Sorry to disappoint you, but most probably you have not. :wink:

It may very well be opened from the inside, as long as the hatch seals air tight (normal rubber gasket is sufficient, we are not in outer space) and the gas box is ventilated (drop holes) to the outside.



smifee said:


> how far do we take 'if this fault happens at the same time as that fault '. we are told that we musn't use gas on the move and advised to turn gas supply off before travelling. the yanks run their fridge freezers on gas whilst driving and fill up with petrol with it running. how many filling stations have been blown up by this :?:


Well, I also frequently have the gas heating on while driving. And in Germany this is perfectly legal. And for safety I would not mind keeping the engine running while refuelling. Just for fuel efficiency it is nonsense. Another yankee habit is much more dangerous: Going back into the car while refuelling.



smifee said:


> i'll carry on with care life's too short for me to get safety obsession syndrome. i like a gamble. life will be even shorter if i make the wrong bet though :wink:  :lol:


Nothing about obsession. But there are really better things to gamble with than just gas. Money, for example.

In my scenario you don't even have to have a defective heater: Gas can diffuse into the interior of the van and get in contact with the fridge's pilot light.
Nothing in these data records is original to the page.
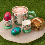 Sip your hot chocolate, tea or coffee in style. With a flower shaped handle and decorated in a sweet bunny and floral themed print, this ceramic mug is sure to delight! A great gift for Easter, special occasions, and ideal for everyday use. It is made from 100% ceramic and is durable and versatile. Holds 350ml. Box Size: 13cm x 10cm x 9cm
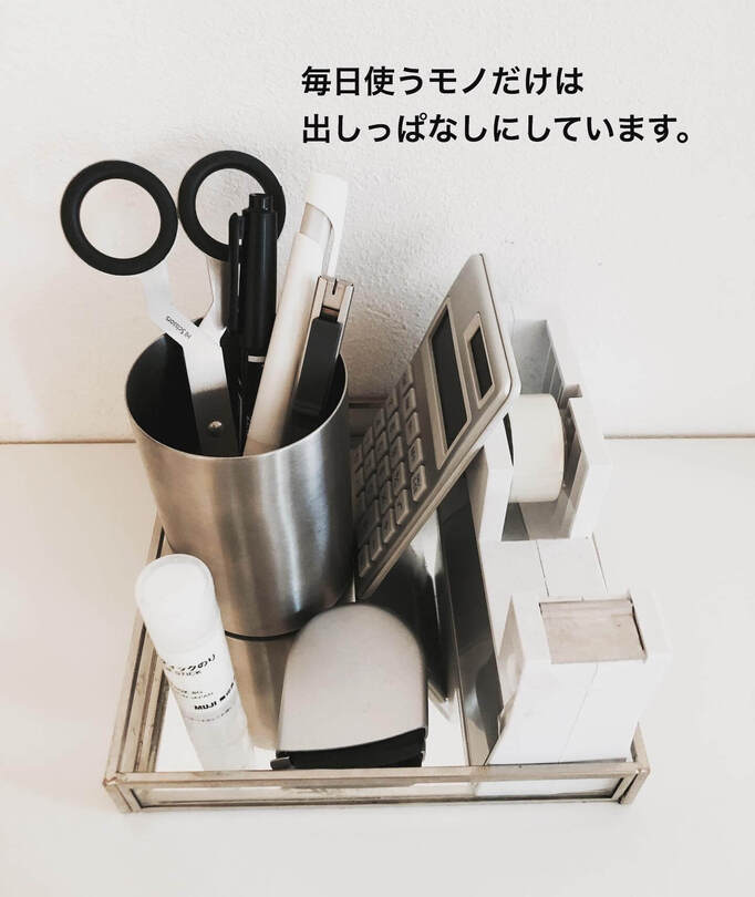 むじたんさんは、毎日必ず使うものだけをひとまとめにして出しっぱなしに。毎日必ず使うものは、1〜2アクションで取れるようにすることがポイント。
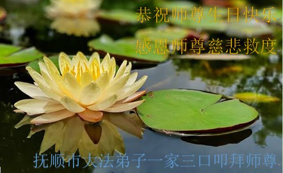 辽宁省抚顺市大法弟子一家三口恭祝师尊生日快乐!
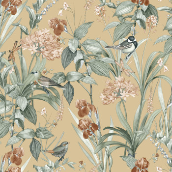 Beige Tapete mit Blumen und Vögeln, M64792D, Botanique, Ugepa
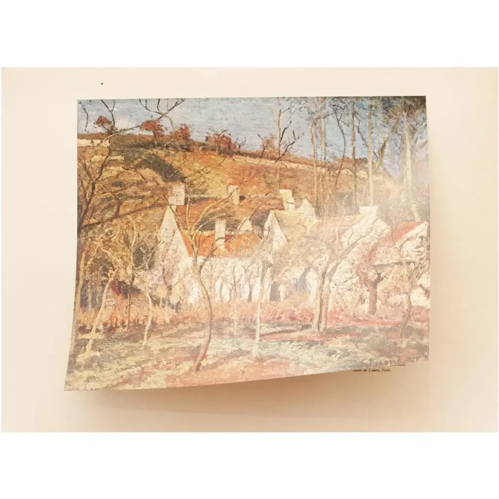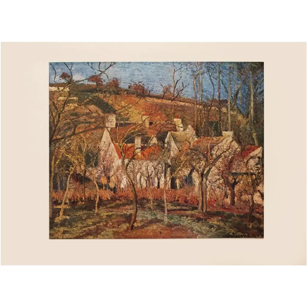 An excellent First Edition full-color print after painting Les Toits Rouges A Pontoise (The Red Roofs in Pontoise) by French painter Camille Pissarro (1830-1903). Comes from a rare First Limited Edition art folio published by Albert Skira in Paris, France, in the 1940s. Signed in the print at the lower right corner: "C. Pissarro 1877". Printed on one side. Hand tipped-in on a board of heavy paper. Information regarding the original artwork will be found by lifting the piece. Excellent condition - minor edge wear on the board, never framed. Overall 15"W x 11"H Image 10.45"W x 8.55"H
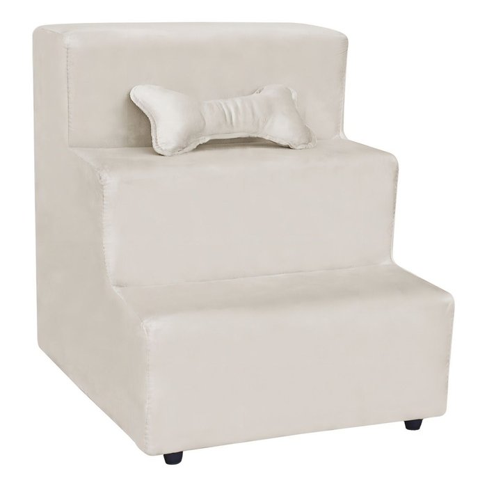 Escada Escadinha para Pet 3 Degraus com Osso Cor Bege Veludo Liberty Móveis Creme
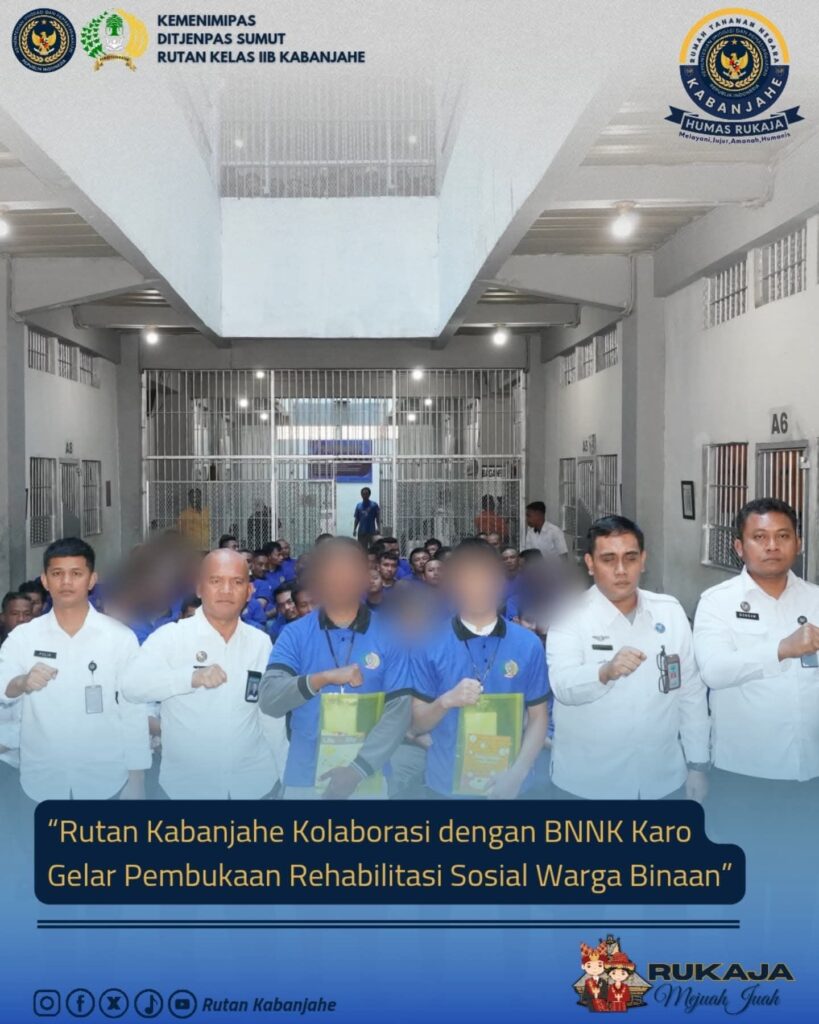 Garudaposnews.id, Kabanjahe, 13 Agustus 2025 — Rumah Tahanan Negara (Rutan) Kelas IIB Kabanjahe bersama Badan Narkotika Nasional Kabupaten (BNNK) Karo secara resmi membuka program Rehabilitasi Sosial bagi warga binaan pemasyarakatan, Rabu (13/8/2025) Pukul 10.00 WIB. Kegiatan ini merupakan bentuk sinergi antarinstansi dalam upaya penanggulangan penyalahgunaan narkotika di lingkungan lembaga pemasyarakatan.

Or it could even be a spark on the perfectly well-working heater fan that makes it bang.

Best Regards,
Gerhard


----------



## smifee (May 17, 2005)

hi again gerhard

if i shine a torch i can see into the gas locker. it has an ordinary locker door no seal just 2 drop holes. the conversion was done in 1998 on a new van and i presume it conformed to the regulations, if any, that were in force then.
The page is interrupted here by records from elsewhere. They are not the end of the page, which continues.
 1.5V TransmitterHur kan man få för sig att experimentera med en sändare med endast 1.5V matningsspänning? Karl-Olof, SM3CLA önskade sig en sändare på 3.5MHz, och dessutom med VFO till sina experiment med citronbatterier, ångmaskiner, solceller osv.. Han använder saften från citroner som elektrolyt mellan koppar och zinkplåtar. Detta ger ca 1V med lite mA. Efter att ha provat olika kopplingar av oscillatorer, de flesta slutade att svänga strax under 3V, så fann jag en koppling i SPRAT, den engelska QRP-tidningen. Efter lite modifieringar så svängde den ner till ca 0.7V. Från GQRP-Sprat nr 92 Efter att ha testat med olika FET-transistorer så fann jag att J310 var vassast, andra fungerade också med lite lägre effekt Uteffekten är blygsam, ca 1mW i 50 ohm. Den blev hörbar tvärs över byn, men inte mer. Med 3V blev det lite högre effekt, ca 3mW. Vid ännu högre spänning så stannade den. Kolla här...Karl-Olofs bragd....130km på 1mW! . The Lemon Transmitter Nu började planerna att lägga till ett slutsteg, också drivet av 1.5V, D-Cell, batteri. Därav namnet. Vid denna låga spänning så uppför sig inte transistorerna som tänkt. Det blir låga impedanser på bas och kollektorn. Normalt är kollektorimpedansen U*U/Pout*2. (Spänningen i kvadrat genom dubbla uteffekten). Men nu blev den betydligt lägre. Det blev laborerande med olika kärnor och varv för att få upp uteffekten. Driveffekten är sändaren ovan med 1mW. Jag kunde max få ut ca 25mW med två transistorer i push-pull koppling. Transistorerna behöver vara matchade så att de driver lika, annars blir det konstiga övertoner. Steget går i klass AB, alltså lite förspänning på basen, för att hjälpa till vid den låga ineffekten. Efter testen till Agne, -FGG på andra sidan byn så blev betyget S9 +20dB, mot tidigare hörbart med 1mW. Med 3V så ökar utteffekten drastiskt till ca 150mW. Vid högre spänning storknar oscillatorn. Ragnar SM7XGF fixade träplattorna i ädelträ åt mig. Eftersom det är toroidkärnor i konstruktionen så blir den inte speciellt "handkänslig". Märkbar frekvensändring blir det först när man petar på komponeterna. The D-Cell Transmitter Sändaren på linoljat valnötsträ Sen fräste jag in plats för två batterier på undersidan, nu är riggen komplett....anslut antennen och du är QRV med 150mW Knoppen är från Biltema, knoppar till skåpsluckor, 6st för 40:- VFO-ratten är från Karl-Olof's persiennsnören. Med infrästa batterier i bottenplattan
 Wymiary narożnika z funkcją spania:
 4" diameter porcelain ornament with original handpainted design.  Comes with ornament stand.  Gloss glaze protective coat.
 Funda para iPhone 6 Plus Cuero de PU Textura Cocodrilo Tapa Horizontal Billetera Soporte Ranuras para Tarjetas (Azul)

the new van has an exterior gas locker and refillable bottle soon to be bottles but after this winter i hope to be where it's warm enough not to have to worry about the temperature.
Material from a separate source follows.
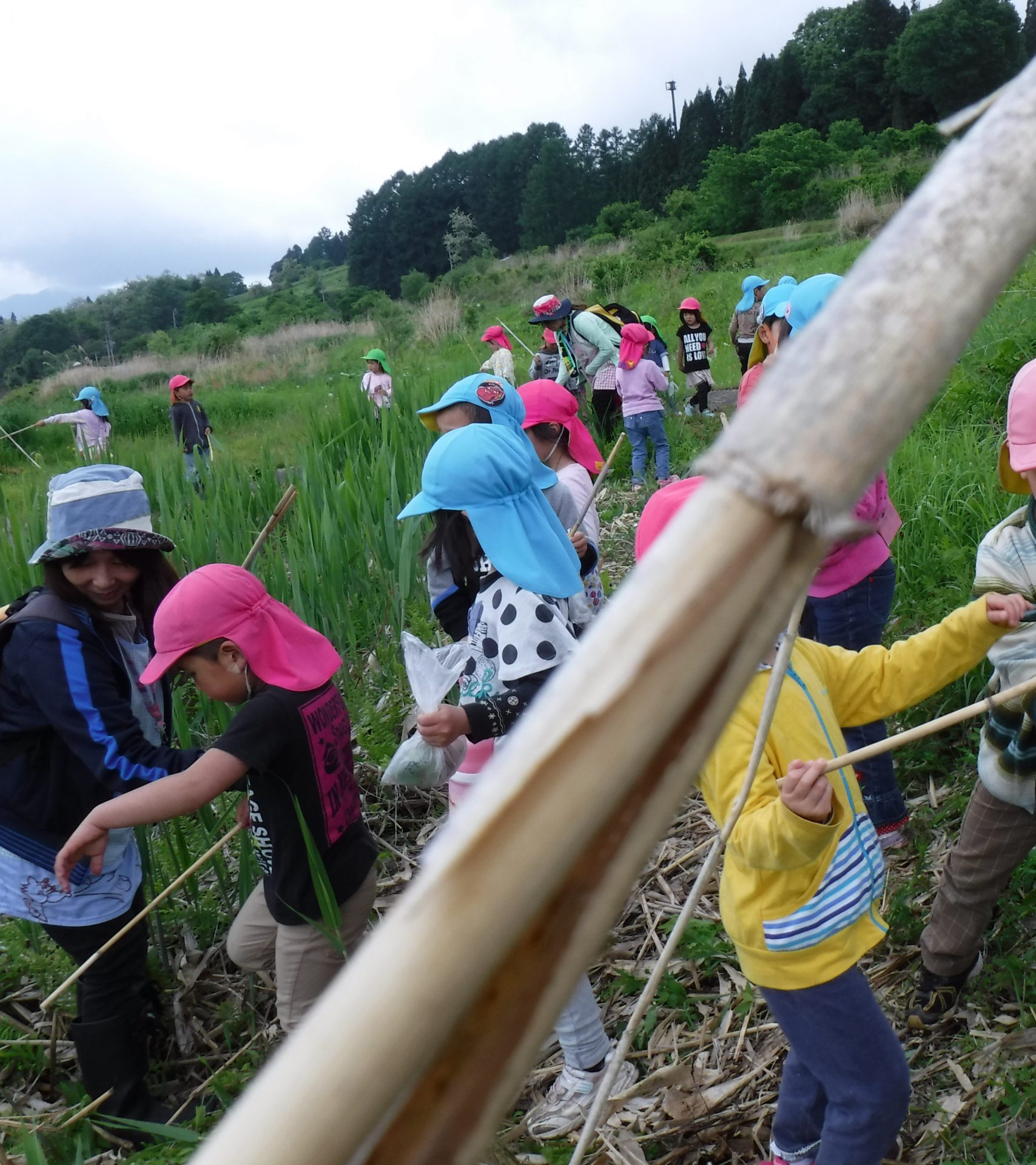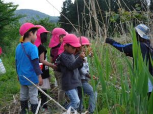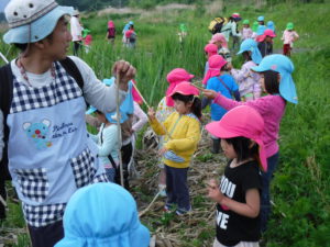 休耕田に葦が茂っているところに来て、保育士が剪定ばさみで枝を切ってくれます。「ぼくのまだ?」

keep gambling and good luck

regards

mike


----------



## 93652 (May 1, 2005)

Try www.gasure.co.uk/underfloor.htm

Solves a lot of problems. I've only a vw t3 so space is at a premium and we like to go wild for long periods.

Mike


----------



## Anonymous (Nov 10, 2000)

*Short term solution*

Not ideal but it helps. We now warm the tanks overnight with a couple of hot water bottles. Water boiled up before the gaz freezes!
Awaiting a more professional solution now.

Jacqui


----------